Be careful of the masquerades: differentiating secondary myelodysplasia from myelodysplastic syndromes in clinical practice

In patients suspected to have myelodysplastic syndrome (MDS), especially in those patients without cytogenetic abnormalities or blast excess, accurate morphologic review by an expert hematopathologist and meticulous exclusion of other secondary causes of myelodysplasia are vital to establish the diagnosis. Errors in diagnosis can lead to dangerous consequences such as the administration of hypomethylating agents, lenalidomide, or even the use of intensive chemotherapy or allogeneic hematopoietic cell transplantation in patients who do not have an underlying MDS or even a malignant hematopoietic process. Additionally, beyond the possible harm and lack of efficacy of such therapies if the diagnosis of MDS is erroneous, the secondary myelodysplasia and resultant cytopenias are not likely to resolve unless the underlying etiology is identified and addressed.
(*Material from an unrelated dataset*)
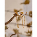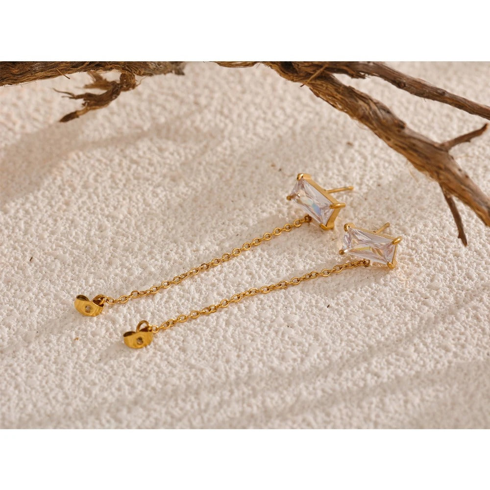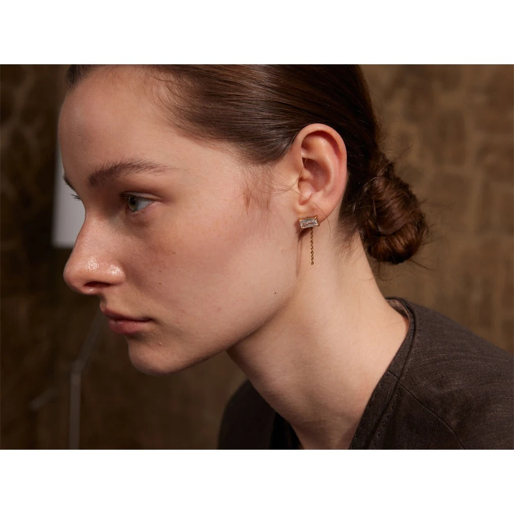 Clean light with a bold wink. Gold-plated earrings feature a horizontal baguette crystal linked by a slim chain—tracing the lobe, lengthening the neck, effortlessly alluring.
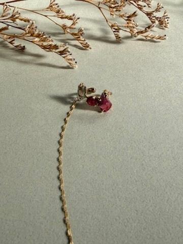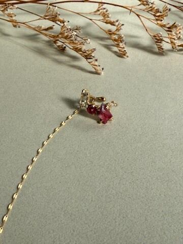 ルビー、ムーンストーン、バイカラートルマリン、水晶K10YGイヤーカフ | RUKUS

Discriminating a malignant process such as MDS from non-malignant secondary myelodysplasia can be quite challenging, and community hematologists/oncologists should consider referral to specialized physicians (both clinical experts and experienced hematopathologists) if there is any doubt regarding the diagnosis. In this article, we present a representative case series of patients from our own practice who posed diagnostic dilemmas and propose a systematic approach for assessment for secondary causes of myelodysplasia.